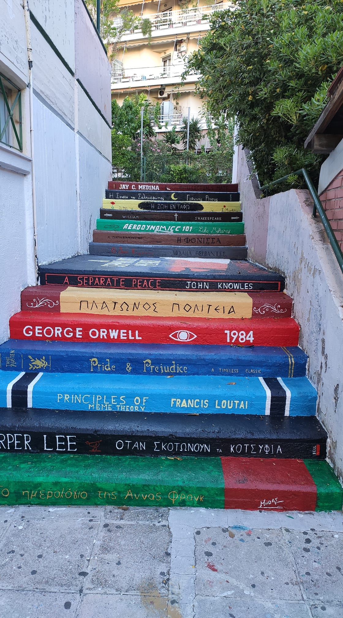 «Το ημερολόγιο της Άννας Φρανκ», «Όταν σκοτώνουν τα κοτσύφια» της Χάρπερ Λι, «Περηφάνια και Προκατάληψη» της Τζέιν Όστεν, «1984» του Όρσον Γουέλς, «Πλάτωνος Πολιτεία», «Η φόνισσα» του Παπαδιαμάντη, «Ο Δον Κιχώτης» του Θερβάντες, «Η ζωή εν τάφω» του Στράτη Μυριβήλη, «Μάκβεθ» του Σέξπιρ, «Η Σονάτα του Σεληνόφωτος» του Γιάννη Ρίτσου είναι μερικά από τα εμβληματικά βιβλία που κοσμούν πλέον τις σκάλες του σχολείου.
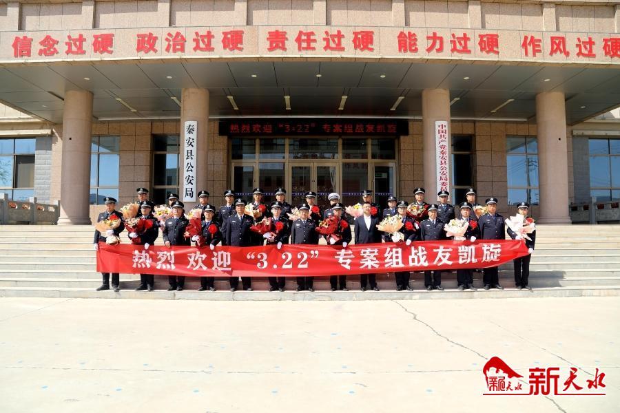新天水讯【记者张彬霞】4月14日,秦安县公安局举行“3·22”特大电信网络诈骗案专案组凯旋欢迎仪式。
____
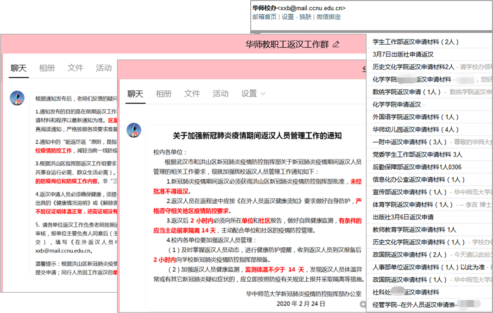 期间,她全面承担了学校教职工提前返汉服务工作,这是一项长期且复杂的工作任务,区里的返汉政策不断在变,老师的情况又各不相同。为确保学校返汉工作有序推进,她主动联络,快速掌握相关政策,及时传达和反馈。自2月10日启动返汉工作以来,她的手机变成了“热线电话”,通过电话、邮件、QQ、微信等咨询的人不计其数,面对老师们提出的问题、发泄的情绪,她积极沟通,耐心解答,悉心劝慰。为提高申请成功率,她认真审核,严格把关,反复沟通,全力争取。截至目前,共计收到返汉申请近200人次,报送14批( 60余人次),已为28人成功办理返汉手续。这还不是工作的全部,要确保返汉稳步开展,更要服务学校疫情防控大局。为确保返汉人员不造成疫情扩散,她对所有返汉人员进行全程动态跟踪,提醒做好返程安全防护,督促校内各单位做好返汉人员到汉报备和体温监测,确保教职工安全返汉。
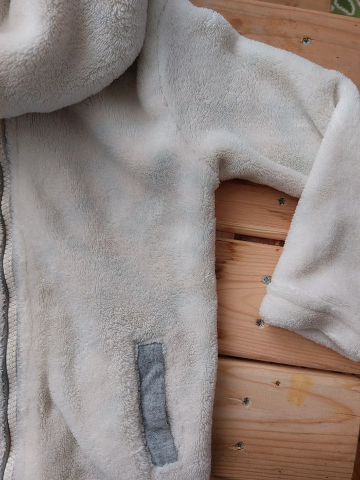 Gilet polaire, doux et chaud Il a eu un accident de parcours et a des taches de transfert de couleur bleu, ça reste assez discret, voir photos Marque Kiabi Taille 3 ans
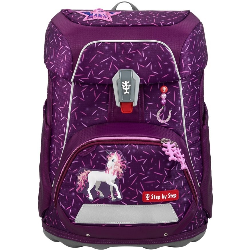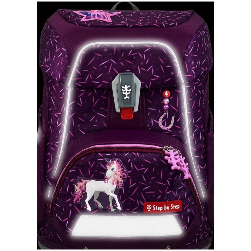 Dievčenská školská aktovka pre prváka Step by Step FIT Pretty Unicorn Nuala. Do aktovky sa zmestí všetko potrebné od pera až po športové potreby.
____
● **Exercise instructions**
Reproduce the data above exactly, but only the lines from the one showing "Gilet polaire, doux" through the one showing "Dievčenská školská aktovka", with both ends kept and the pictures left out.

● **Answer to this exercise**
 Gilet polaire, doux et chaud Il a eu un accident de parcours et a des taches de transfert de couleur bleu, ça reste assez discret, voir photos Marque Kiabi Taille 3 ans
 Dievčenská školská aktovka pre prváka Step by Step FIT Pretty Unicorn Nuala. Do aktovky sa zmestí všetko potrebné od pera až po športové potreby.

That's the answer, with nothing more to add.